Ставке удалось добиться спасительной формулировки после вмешательства доктора Эдера (недавно вернувшегося из Англии), выслушавшего горькую критику солдат по поводу равнодушия Сионистской комиссии к проблемам легиона, и после того, как Скотт дальновидно отправил Голомба и Явниэли с поручением с территории лагеря, и заручился согласием батальона отпустить отквартированных в Египет на заведомо очень короткий срок. Фактически их вернули в Палестину через несколько дней. Но весь эпизод только усугубил чувство преследования и отчуждения.
С каждым событием этой весны Жаботинский все острее осознавал, насколько он был связан в своих действиях, оставаясь частью военной машины. Более того, поскольку анализ политики администрации убеждал его в растущей угрозе и будущему сионизма, и самой безопасности еврейской общины, становилось ясно, что только кампанией в самой Англии — по информированию и друзей в правительстве, и общественного мнения, и прессы о происходящем под военной администрацией — можно надеяться сократить чудовищный разрыв между политикой Бальфура и климатом, созданным в Палестине.
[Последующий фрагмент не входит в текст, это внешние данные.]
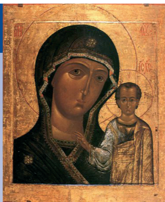
4 ноября - празднование Казанской иконы Божией Матери в память избавления Москвы и России от захвата поляков в 1612 году.

Было ясно, что шансов на перемену методов Вейцмана не было. Попрежнему упрямо цепляющийся за собственные утверждения, что в Палестине не создаются прецеденты, и, как видно, убежденный, что легиону и ишуву ничто серьезно не грозит, он ни в одном своем обращении к британским деятелям в ту весну не предъявил ни одной жалобы о невзгодах общины в целом и легиона в частности.
Почему же тогда сам Жаботинский не отправился в Лондон? У него не было недостатка в контактах в Англии, ни в парламенте, ни в прессе, где у него было много друзей. Правда, общественная кампания по раскрытию поведения администрации поставила бы Вейцмана в неловкое положение, вынудив его объяснить собственное молчание. Но разве сущность дела не выглядела куда более важной?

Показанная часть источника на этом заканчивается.